Increasingly that is not only an object like affect as an object of study, but really as also a self reflection on the work that we as scholars do.
So what I'll mention is that because this was a Covid book, I'll just say that again. I mean, it was a book that sort of originated in the COVID shutdown and in the, you know, semi trauma of online teaching.
It also sort of bears some of the sadness and, you know, powerlessness of that. Of the. Of those moments. And yet at the same time, it also procedurally resonates with some of the experiences that you also described in terms of online collaboration. So for.
The structure of this book, because it was tinkery, right? It was involving these sort of narrative insertions and rereadings, it lended itself very well to.
Online writing sessions that I set up with friends that are ongoing. I have, you know, with three or four regular writing buddies that I work with who are all brilliant. One of them is 92, and we speak every week. And she's just amazing. And we collaborated years and years ago, so it's just this wonderful return. So these were kind of situations in which there was a kind of socialization process through zoom or whatever it was at the time that became zoom that allowed me to write in this format, but which was also.
A social platform. So that really.
Gave life to that period. And again, I still.
Have that today. And so that sense of connectedness was part of the process of the book, both in the sense of not having it in one scheme. Right. Having connections. I had a dear friend who was a child psychiatrist who was so overwhelmed by Covid that it cost him his life.

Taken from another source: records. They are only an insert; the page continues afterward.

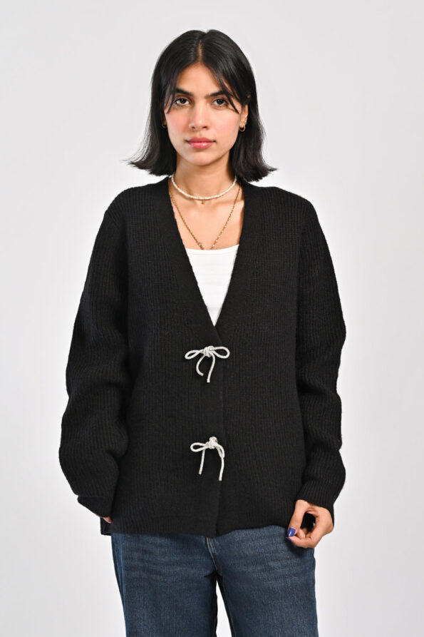 CARDIGAN WITH EMBELLISHED BOW DETAIL
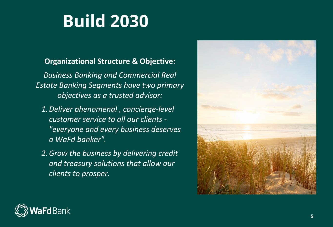 Organizational Structure & Objective: Business Banking and Commercial Real Estate Banking Segments have two primary objectives as a trusted advisor: 1.Deliver phenomenal , concierge-level customer service to all our clients - "everyone and every business deserves a WaFd banker". 2.Grow the business by delivering credit and treasury solutions that allow our clients to prosper. Build 2030 5
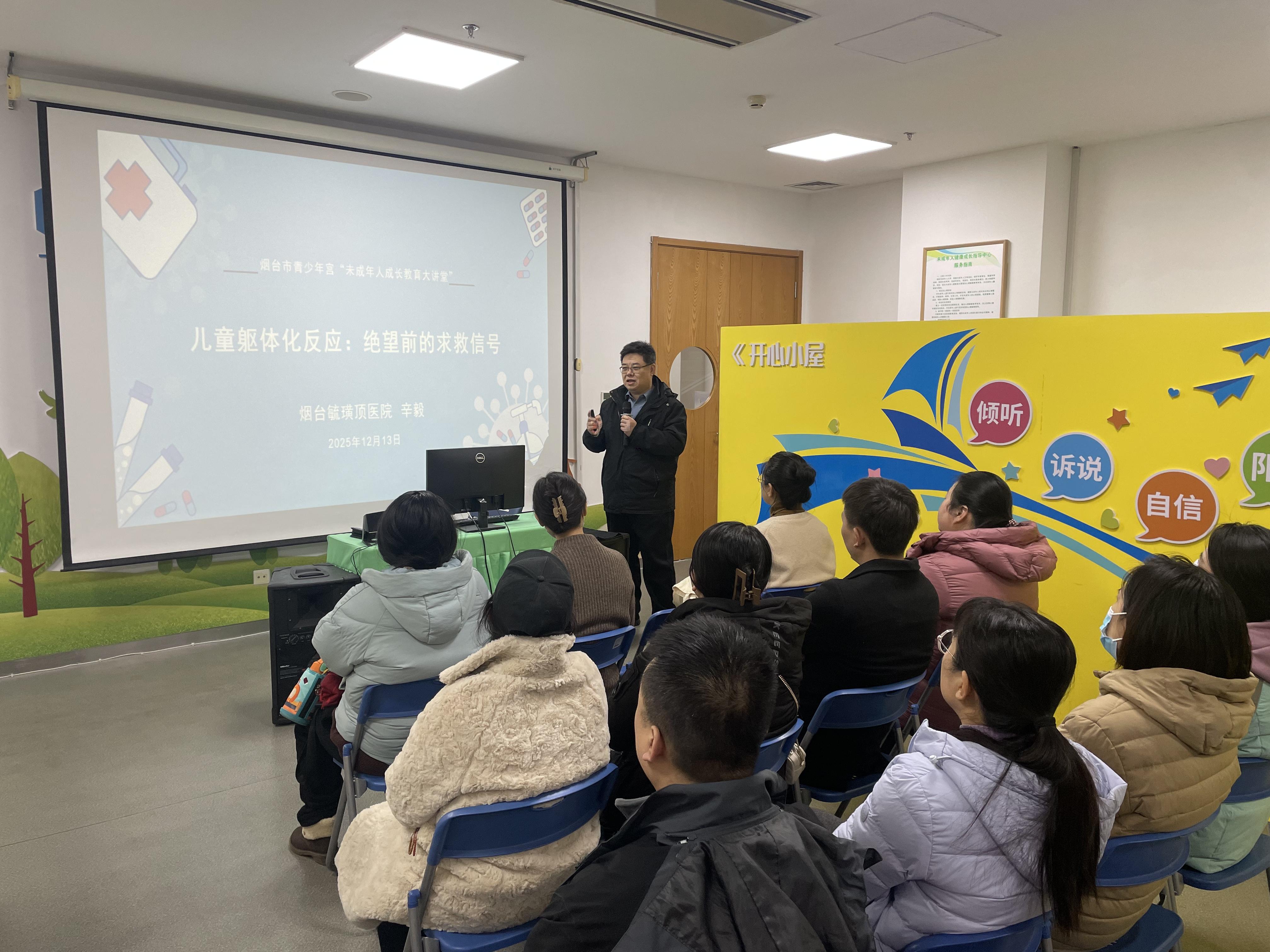 水母网12月15日讯(通讯员 李成修 崔方荣 记者 李波 初明珠)12月13日上午,烟台毓璜顶医院儿内一科主任、儿童重症监护室(PICU)主任辛毅走进烟台市青少年宫“未成年人健康成长指导中心”,以“儿童躯体化反应:绝望前的求救信号”为主题,为家长们带来一场兼具科学性与实用性的公益讲座。活动通过解析儿童心理压力与身体信号的深层关联,为亲子沟通提供了新视角,现场反响热烈,家长纷纷表示受益匪浅。
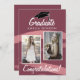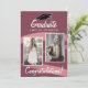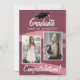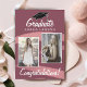 Graduado de color de agua rojo felicitaciones a 2 tarjeta de fotos. Bandas de color rosa a la moda sobre un fondo rojo oscuro. Personalice con 2 fotos y el nombre del graduado en la parte delantera y el mensaje en la parte trasera de la tarjeta o borre.
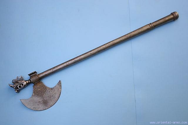Very Good Indo-Persian Battle Axe with Damascus Haft -
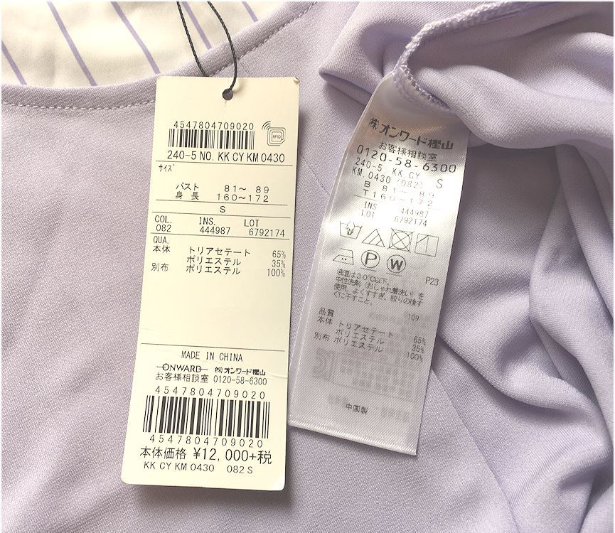 最終価格★iCB アイシービー・オンワード★トリアセテート・パット付・ブラウス・ライトパープル・大きめSサイズ・¥13,200★未使用
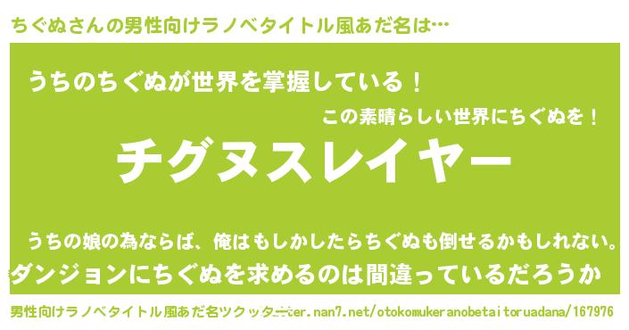 | 胡散臭い通販商品みたいなあだ名 | 『信頼と実績のサプリメント…その名も「ちぐぬ」』 |
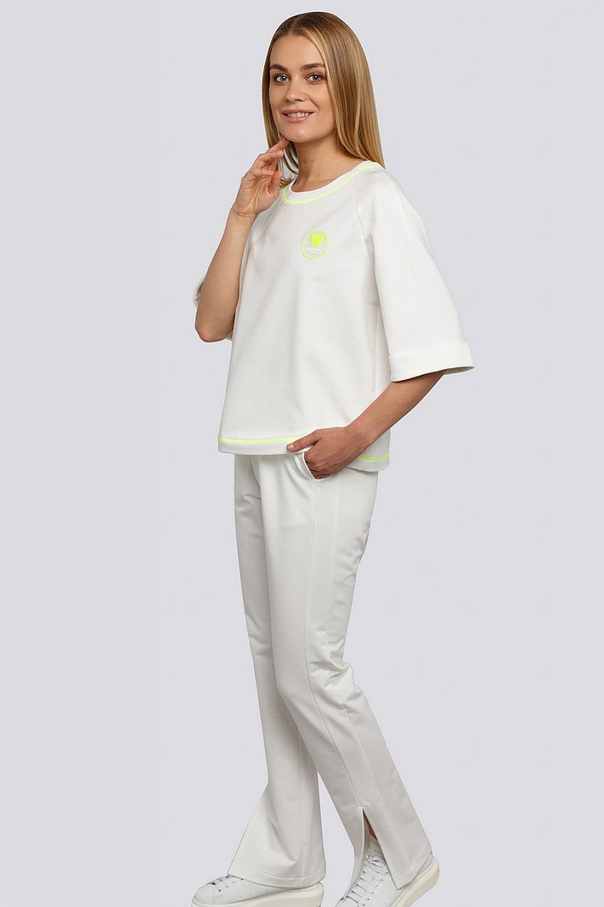 Стильный и изысканный костюм, состоящий из свободных брюк и футболки. Брюки свободные, по низу, с боков разрезы. По верху на резинке. Кармашки в шве.
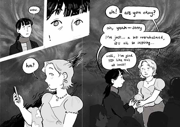 Through stark, black-and-white pencil sketches, Hewitson reflects on the unsettling side of artificial intelligence, and how attempts to generate beauty and meaning through machines can instead create unease, distortion, and disconnection. Mære is only 25 pages long, but it lingers: eerie, incisive, and impossible to forget.

And there's all these severed connections that people have experienced that have gone virtually unmourned publicly, right. So there's one. These. All these severances of connections, and yet these little filaments of connectedness arose too. That was really powerful for me. And it was a process that I started doing, much like you described through interviewing. I'd been doing a number of artist interviews for the ASAP Journal, which I write about in the book. And these were wonderful.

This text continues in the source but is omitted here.